The answer should consist of the records below, repeated exactly, and no pictures.

*** DATA FOR THE TASK ***

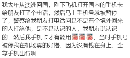另一位网友则表示,自己去年从澳大利亚回国后,刚启用国内手机卡联系朋友,号码便被暂停服务。
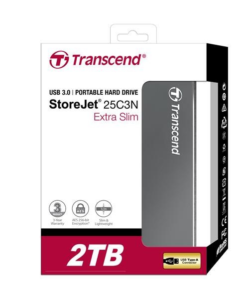 Popis TRANSCEND externí HDD USB 3.0 StoreJet 25C3N, 2TB, Ultra Slim
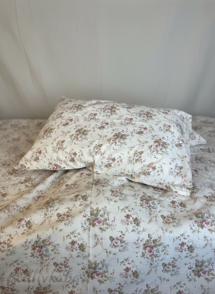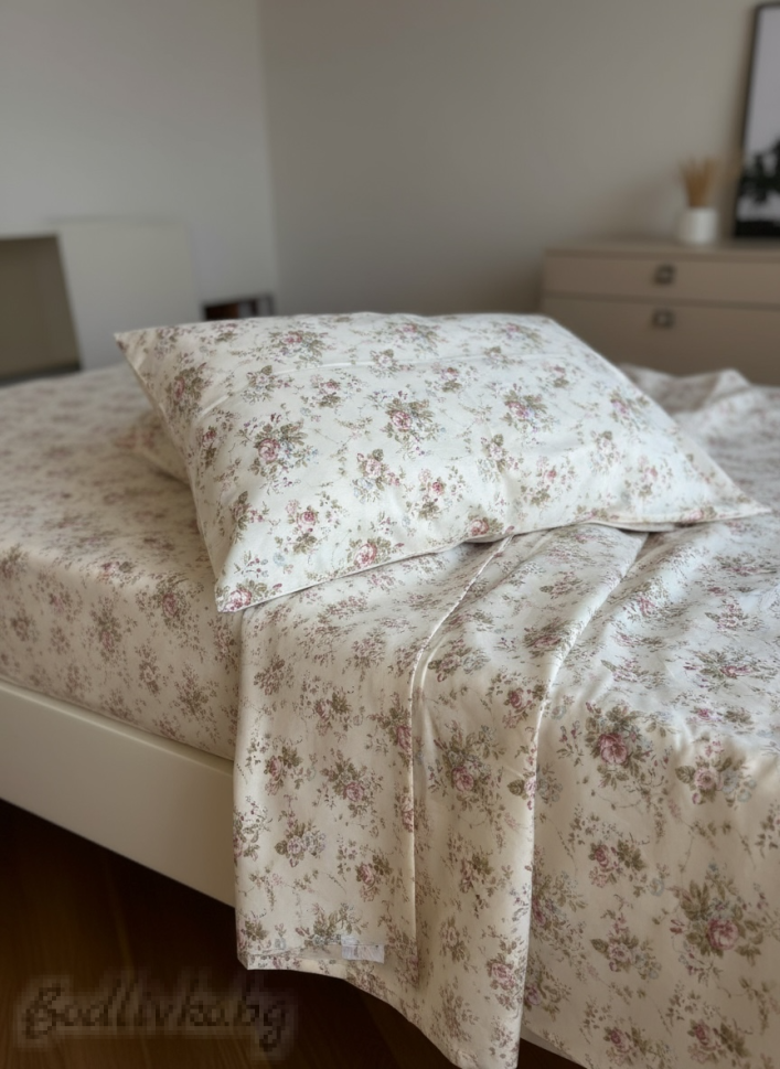СПАЛЕН КОМПЛЕКТ НЕЖНИ РОЗИ В ЕКРЮ, 100% натурален памук (ПОПЛИН), 4 части
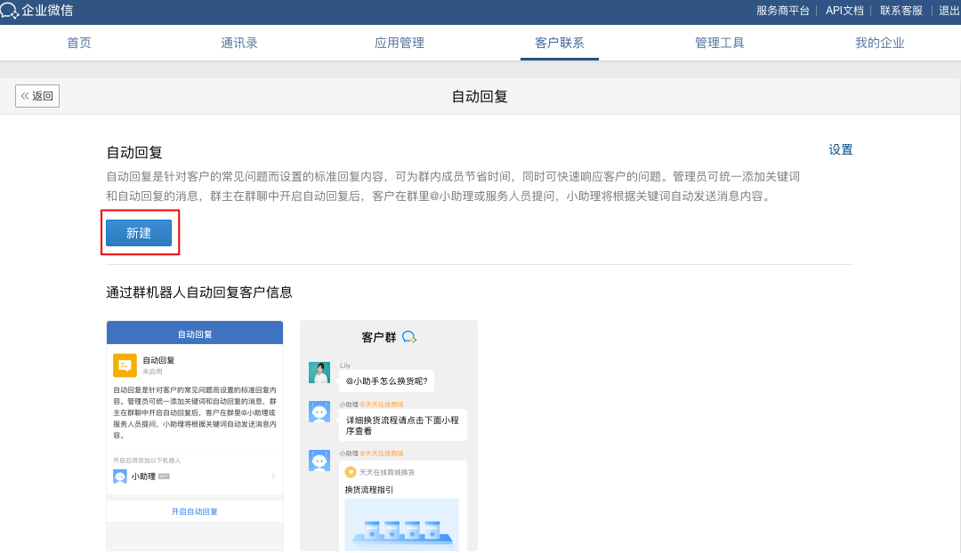登录企业微信管理后台后,依次点击【客户联系-效率工具-自动回复-配置】,【新建】自动回复规则。
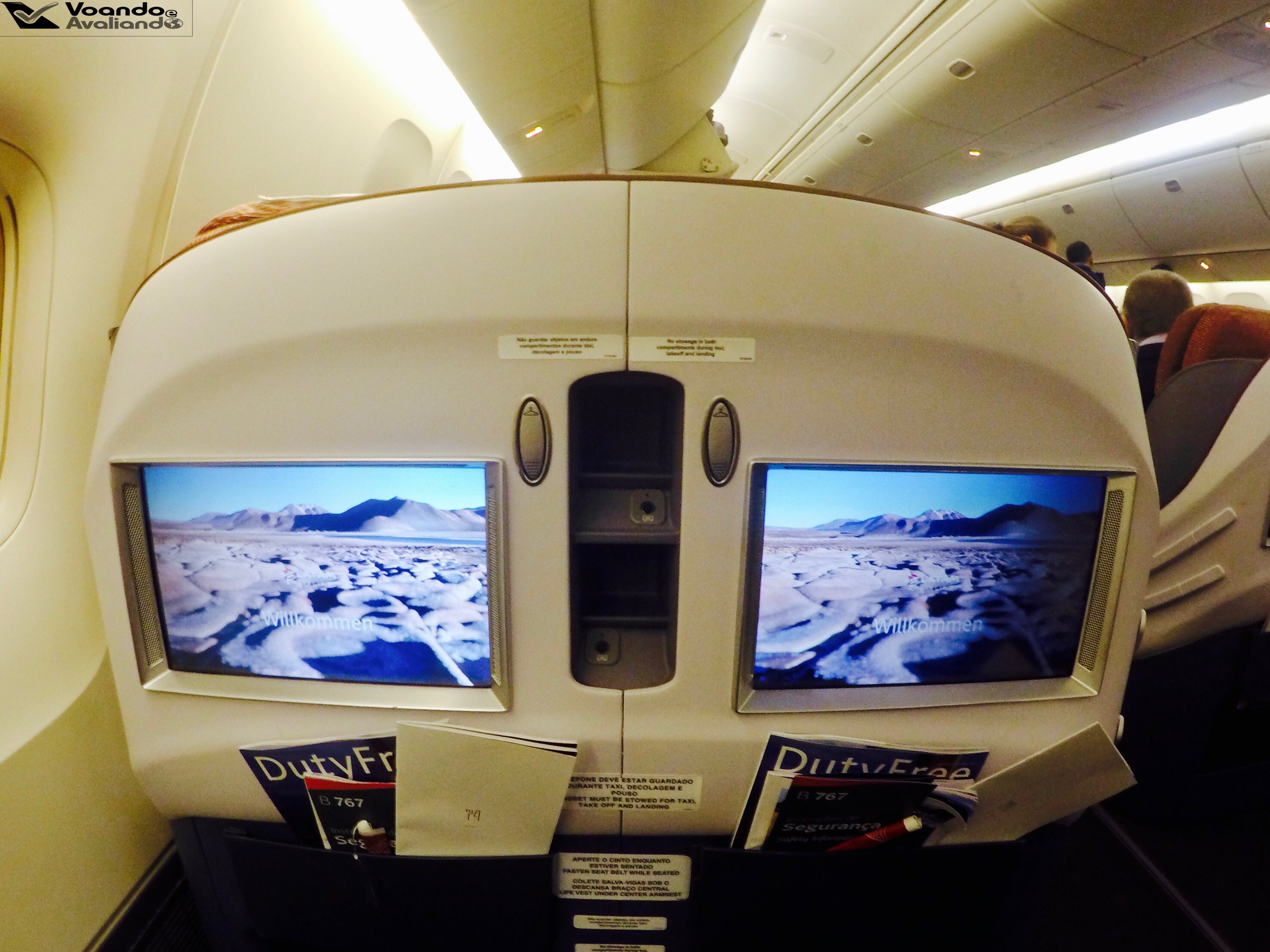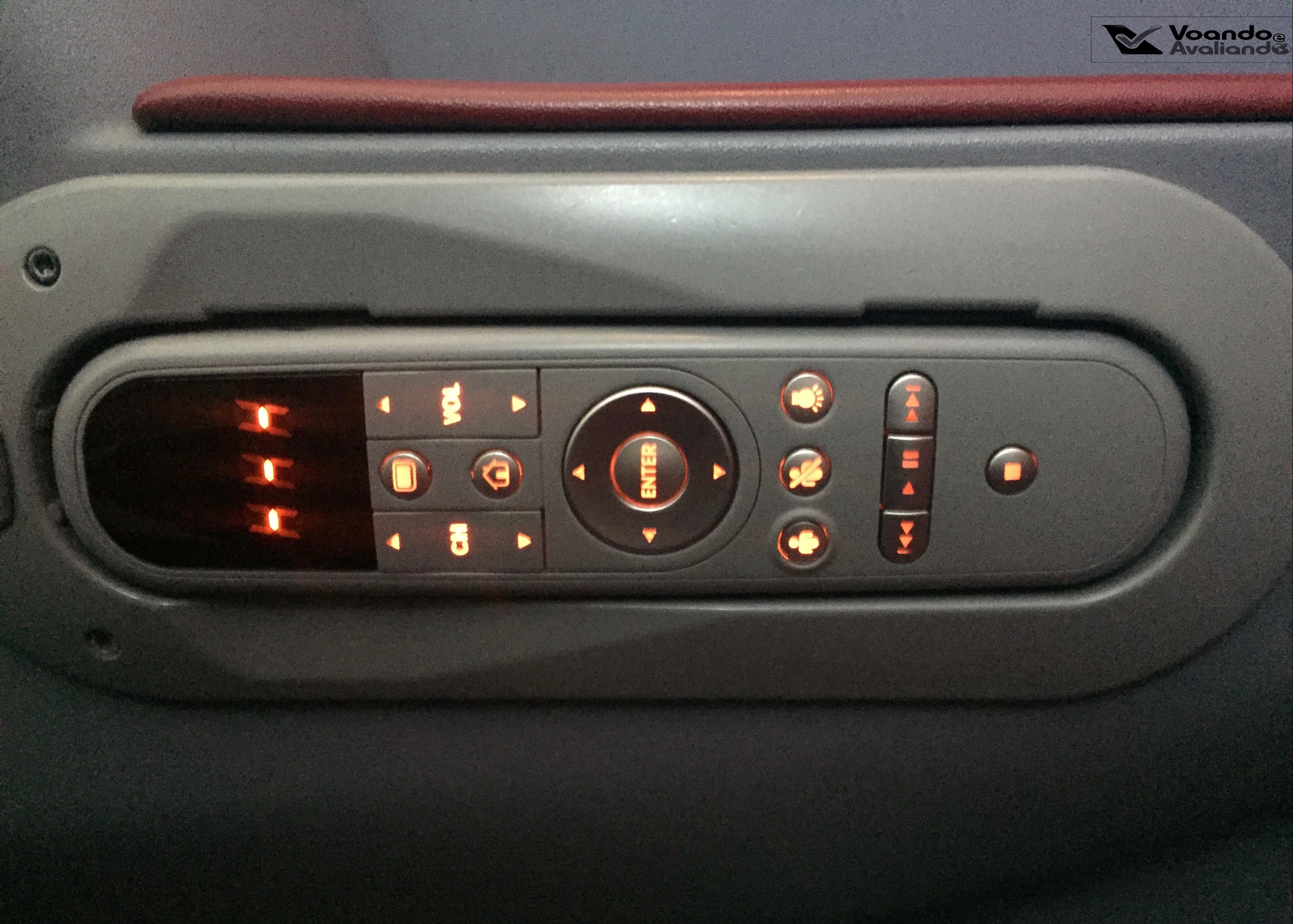 – o sistema de vídeo/entretenimento do B767 tem boa resolução e a navegação com o controle remoto, instalado na coluna da poltrona, é simples; a LATAM oferece muitas opções de filmes dublados para o português, mas a lista mudou pouco desde setembro, quando voei para Frankfurt com a LATAM NO Boeing 777-300ER (veja a avaliação completa deste voo aqui); o fone de ouvido cumpre o seu papel, apesar de não ser dos mais modernos, tem a logomarca da TAM e estava embalado em um plástico simples; escolhi o filme “Um Homem Misterioso“, com George Clooney, que conta a história de um assassino profissional que se refugia no interior da Itália e se complica ficando amigo de um padre e se apaixonando por uma prostituta
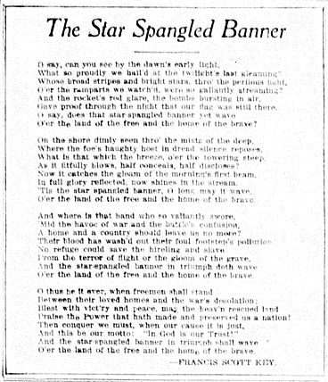 The Star Spangled Banner was printed in the Washington Observer. We assume it was placed as a show of patriotism.
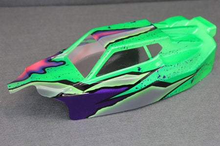 It is professionally custom airbrush painted for Rotor Ron by Bryan Johnston. He has many years experience painting bodies and does awesome work, this is no exception. His skills were put to the test and the end result is nothing short of amazing! This body will turn heads and make you stand out from the crowd and also allow you to see your car on track easier. The pics do not do the paint work justice.
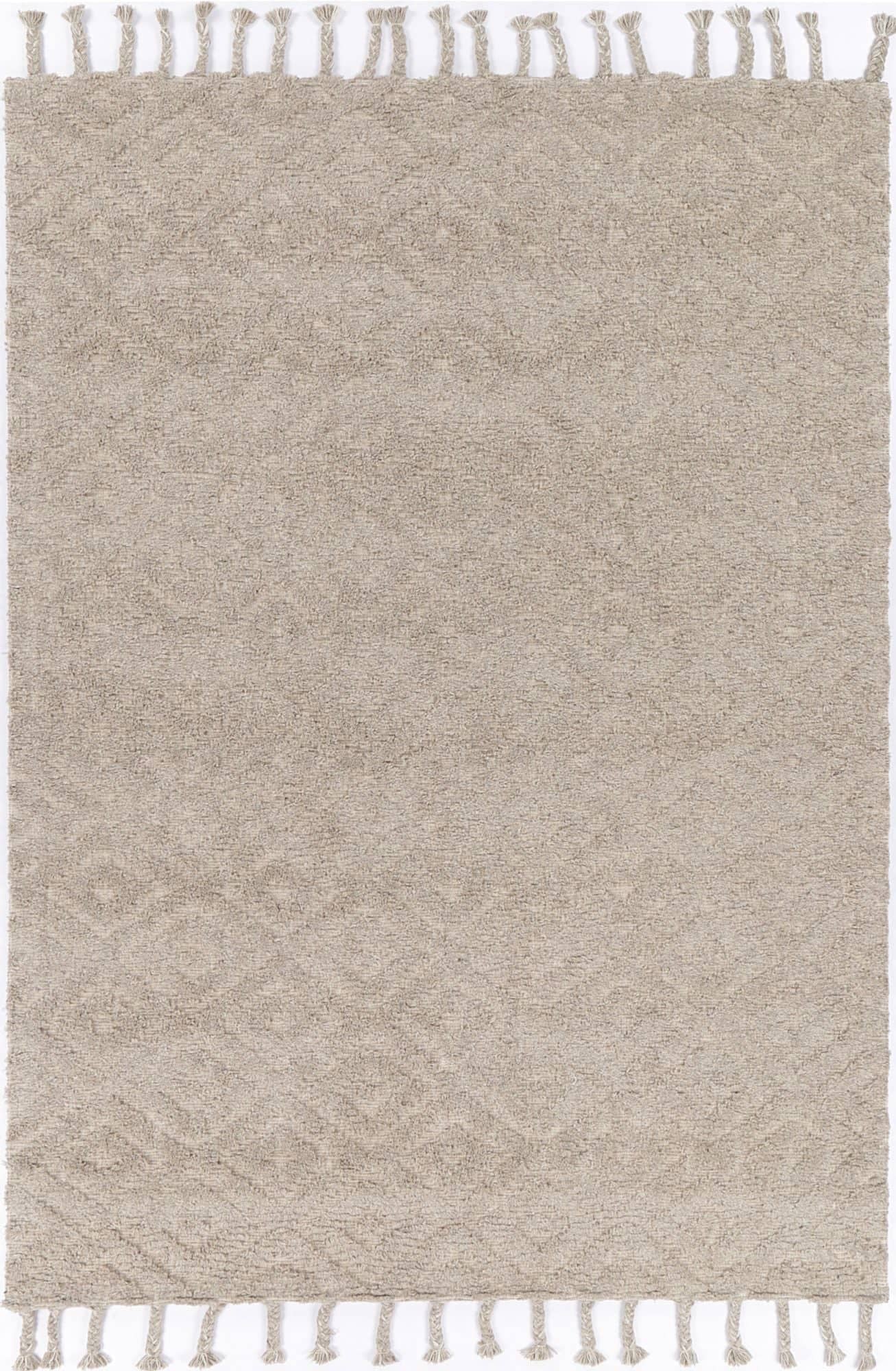 Complete any setting with this handmade rug. Soft, lustrous wool yarns are hand-tufted to create contrasting textures including oversized loops and flat surfaces that are rich in dimension; beautifully styled with classic geometric patterns. Crafted using a 70% Wool and 30% Polyester blend, this rug will accent any space with its calm and neutral colour palette making it the perfect choice to add the finishing touch to any room in the house.
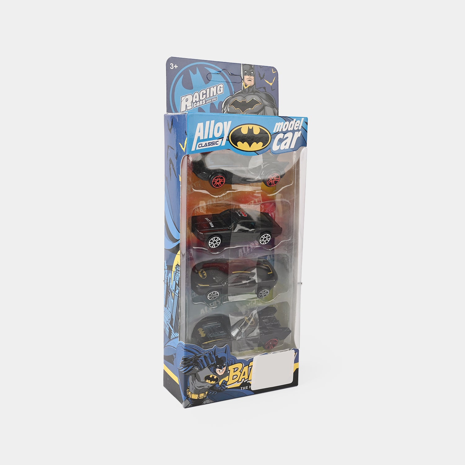Alloy Slided Cars features 4 die-cast Batman vehicles crafted from quality materials. Perfect for collectors and young fans alike, this set offers authentic designs suitable for display or play.
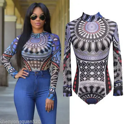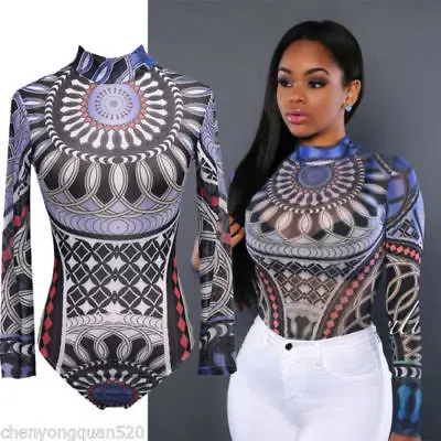 2021 новый сексуальный Для женщин татуировка с этническим принтом эластичные боди Прозрачная сетка прозрачный длинный рукав Топ Женская одежда для клуба с О-образным вырезом горловины Bodycon
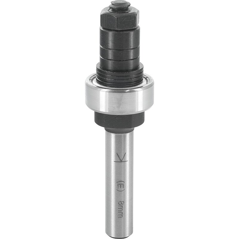 Aufnahmedorn mit Kugellager zur Aufnahme von Scheibennutmessern. Jeder Aufnahmedorn wird mit geschliffenen Präzisions-Zwischenringen geliefert, sodass eine genaue Aufnahme des Scheibennutmessers und eine exakte Nutbreite gewährleistet ist.
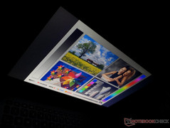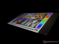 Outdoor visibility is poor despite the flexible 2-in-1 design. The dim display and glossy backlight only accentuate glare. Viewing angles are otherwise very wide with no major color shifting as one would expect from an IPS panel.
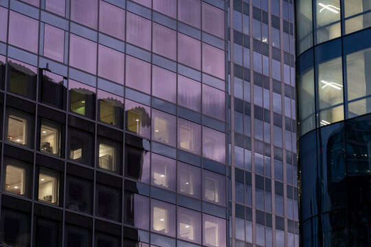 Modern design architecture featuring corporate office windows with reflection across an urban facade under blue hour night light for refined commercial imagery
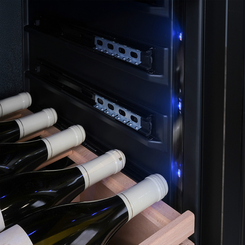 Несомненно, Вас порадует наличие панорамного светодиодного освещения (подсвечивает каждую полку), которое имеет три цвета - белый, янтарный и синий. Оно не выделяет тепло и следовательно - не нагревает бутылки с вином. Так что Вы сможете эффектно демонстрировать Вашу винную коллекцию.

*** End of DATA FOR THE TASK ***

TASK OUTPUT:
另一位网友则表示,自己去年从澳大利亚回国后,刚启用国内手机卡联系朋友,号码便被暂停服务。
 Popis TRANSCEND externí HDD USB 3.0 StoreJet 25C3N, 2TB, Ultra Slim
СПАЛЕН КОМПЛЕКТ НЕЖНИ РОЗИ В ЕКРЮ, 100% натурален памук (ПОПЛИН), 4 части
登录企业微信管理后台后,依次点击【客户联系-效率工具-自动回复-配置】,【新建】自动回复规则。
 – o sistema de vídeo/entretenimento do B767 tem boa resolução e a navegação com o controle remoto, instalado na coluna da poltrona, é simples; a LATAM oferece muitas opções de filmes dublados para o português, mas a lista mudou pouco desde setembro, quando voei para Frankfurt com a LATAM NO Boeing 777-300ER (veja a avaliação completa deste voo aqui); o fone de ouvido cumpre o seu papel, apesar de não ser dos mais modernos, tem a logomarca da TAM e estava embalado em um plástico simples; escolhi o filme “Um Homem Misterioso“, com George Clooney, que conta a história de um assassino profissional que se refugia no interior da Itália e se complica ficando amigo de um padre e se apaixonando por uma prostituta
 The Star Spangled Banner was printed in the Washington Observer. We assume it was placed as a show of patriotism.
 It is professionally custom airbrush painted for Rotor Ron by Bryan Johnston. He has many years experience painting bodies and does awesome work, this is no exception. His skills were put to the test and the end result is nothing short of amazing! This body will turn heads and make you stand out from the crowd and also allow you to see your car on track easier. The pics do not do the paint work justice.
 Complete any setting with this handmade rug. Soft, lustrous wool yarns are hand-tufted to create contrasting textures including oversized loops and flat surfaces that are rich in dimension; beautifully styled with classic geometric patterns. Crafted using a 70% Wool and 30% Polyester blend, this rug will accent any space with its calm and neutral colour palette making it the perfect choice to add the finishing touch to any room in the house.
Alloy Slided Cars features 4 die-cast Batman vehicles crafted from quality materials. Perfect for collectors and young fans alike, this set offers authentic designs suitable for display or play.
 2021 новый сексуальный Для женщин татуировка с этническим принтом эластичные боди Прозрачная сетка прозрачный длинный рукав Топ Женская одежда для клуба с О-образным вырезом горловины Bodycon
 Aufnahmedorn mit Kugellager zur Aufnahme von Scheibennutmessern. Jeder Aufnahmedorn wird mit geschliffenen Präzisions-Zwischenringen geliefert, sodass eine genaue Aufnahme des Scheibennutmessers und eine exakte Nutbreite gewährleistet ist.
 Outdoor visibility is poor despite the flexible 2-in-1 design. The dim display and glossy backlight only accentuate glare. Viewing angles are otherwise very wide with no major color shifting as one would expect from an IPS panel.
 Modern design architecture featuring corporate office windows with reflection across an urban facade under blue hour night light for refined commercial imagery
 Несомненно, Вас порадует наличие панорамного светодиодного освещения (подсвечивает каждую полку), которое имеет три цвета - белый, янтарный и синий. Оно не выделяет тепло и следовательно - не нагревает бутылки с вином. Так что Вы сможете эффектно демонстрировать Вашу винную коллекцию.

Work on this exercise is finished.